Extracted data entries:
--------------------------------
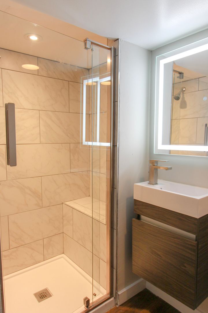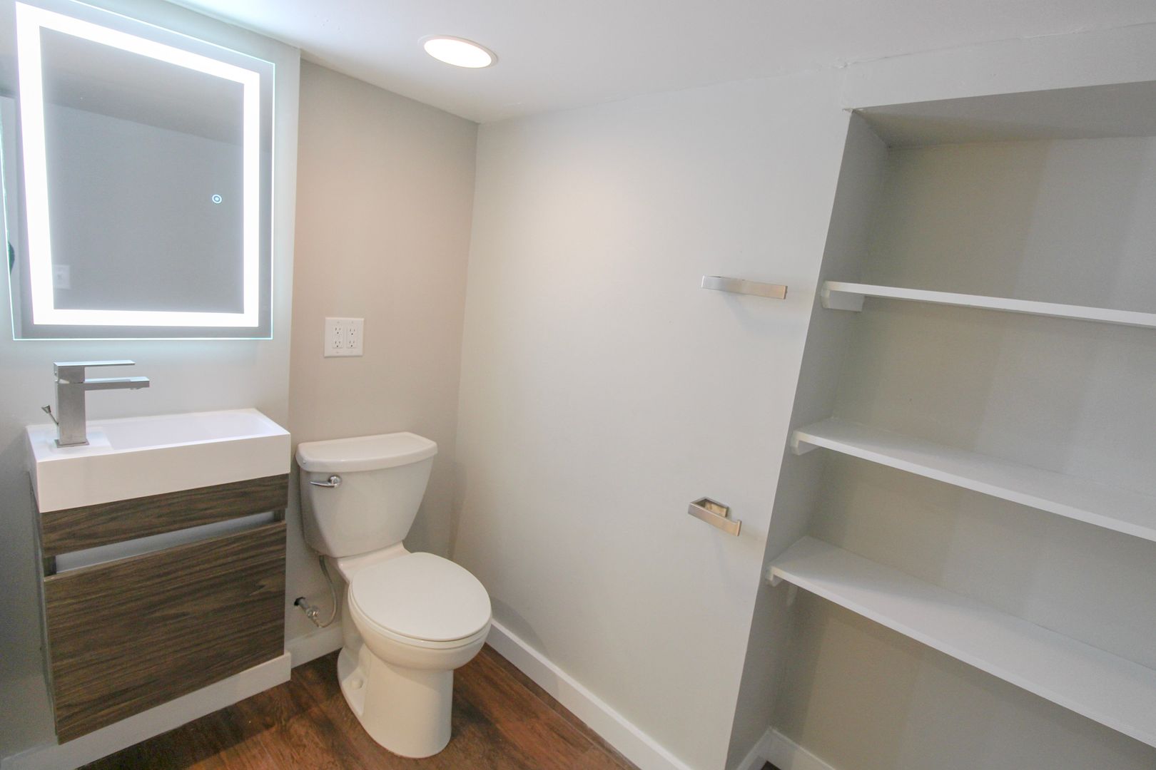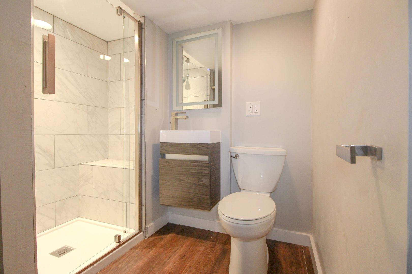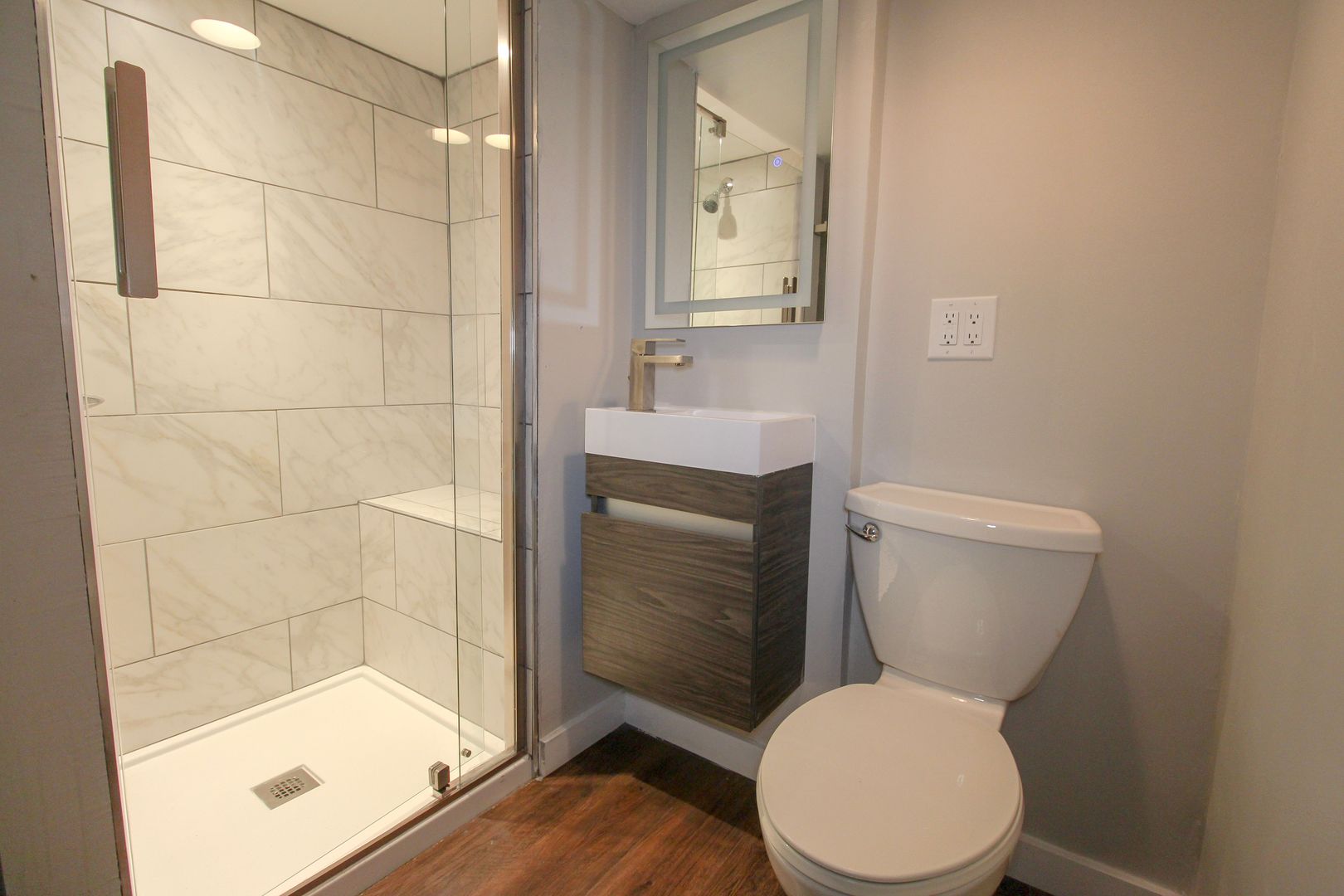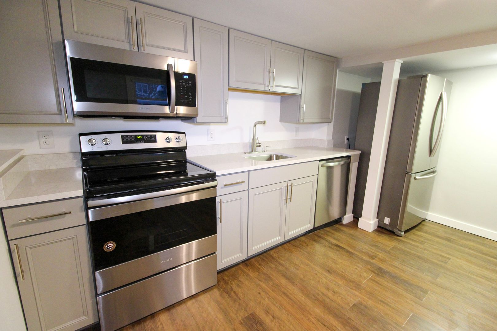 This spacious 1-bedroom apartment features a large eat-in kitchen. Major renovations included all new drywall, luxury vinyl flooring, and updated appliances and lighting fixtures. The new kitchen offers gorgeous marbled quartz countertops, contemporary stainless steel appliances, and brushed nickel fixtures. The bathroom has a tiled shower, a new vanity, and a touch-activated LED mirror.
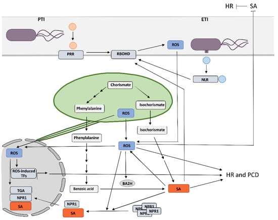In addition, the effective defense response strongly depends on the action of several plant hormones that ultimately reprogram the transcriptome. Among them, salicylic acid (SA) has been identified as one of the key components of the immune signaling []. Its crucial role, not only in ETI but also in PTI and systemic acquired resistance, have been extensively studied [,,].
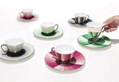 如果将茶杯和托盘比喻成灵动的舞者,那么它们所创作出的华尔兹一定是最契合的舞蹈。将茶杯制作成镜面的效果,和色彩丰富的托盘摆放在一起之后,就会在茶杯上反射出不同的图案效果。虽然简单,但却能充满戏剧性和趣味性。
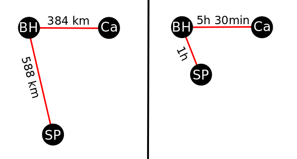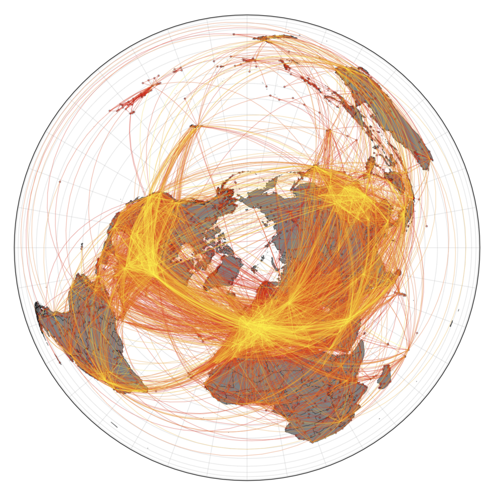 Na internet, o conceito de distância não faz muito sentido se você pensar bem. Gastamos o mesmo tempo enviando uma mensagem para alguém do nosso lado ou para uma pessoa no Japão. Esse nível de conexão mediada pela internet permite a propagação rápida e fácil de informação ao redor do mundo. Infelizmente, as dinâmicas de sistemas complexos e conectados também auxiliam na disseminação de vírus e outras coisas. Para enxergarmos o caminho que o vírus traça da China até os outros países, temos que esquecer o conceito de distância e pensar somente no tempo. Eu demoro 5h e 30min para ir de Belo Horizonte até a minha cidade natal, são 334km de carro. Porém, para ir a São Paulo eu levo só 1h indo de avião, de carro são 588km. Então, efetivamente, São Paulo está mais perto de Belo Horizonte do que minha cidade natal, apesar da grande diferença de quilômetros.
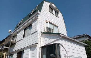 珍しい形のご自宅で、白色の外壁と緑色の屋根がご自宅の雰囲気にぴったりと合っていて、凄くオシャレで可愛らしい仕上がりとなりました。シリコン樹脂塗料の中でも非常に耐久性に優れた塗料を使用しておりますので、長期間綺麗な外観を維持できるかと思います。
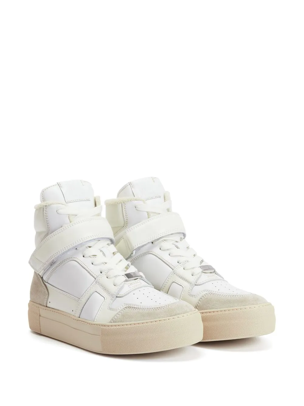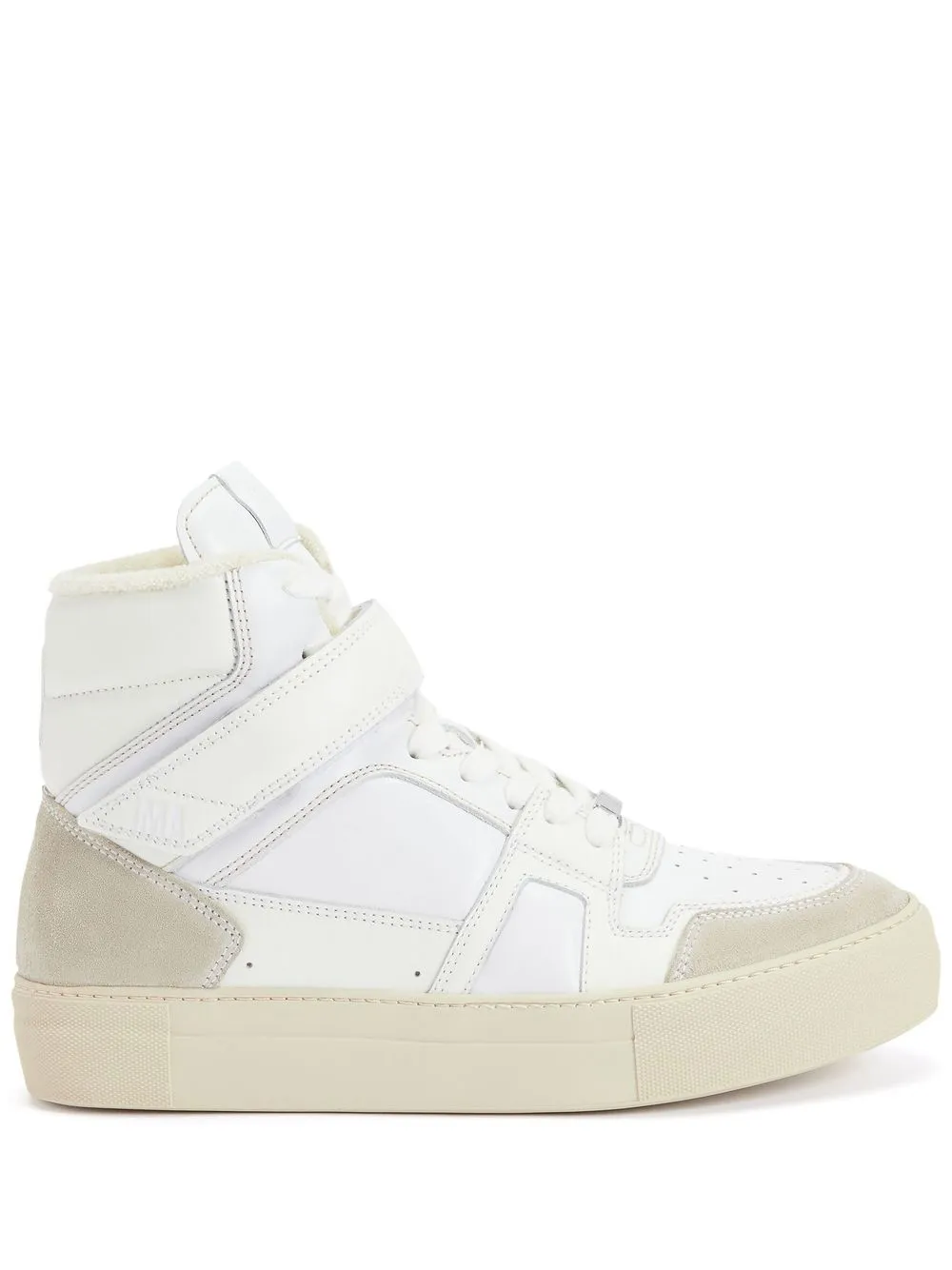 Кремово-белый, телячья кожа, знаковая монограмма Ami de Coeur, вставки, закругленный носок, перфорированный носок, шнуровка спереди, застежка на липучке спереди и плоская резиновая подошва.
--------------------------------
> **What you should do**: Write out exactly the lines above between the one with "In addition, the" and the one with "如果将茶杯和托盘比喻成灵动的", inclusive, with pictures left out.

> **Result below**:
In addition, the effective defense response strongly depends on the action of several plant hormones that ultimately reprogram the transcriptome. Among them, salicylic acid (SA) has been identified as one of the key components of the immune signaling []. Its crucial role, not only in ETI but also in PTI and systemic acquired resistance, have been extensively studied [,,].
 如果将茶杯和托盘比喻成灵动的舞者,那么它们所创作出的华尔兹一定是最契合的舞蹈。将茶杯制作成镜面的效果,和色彩丰富的托盘摆放在一起之后,就会在茶杯上反射出不同的图案效果。虽然简单,但却能充满戏剧性和趣味性。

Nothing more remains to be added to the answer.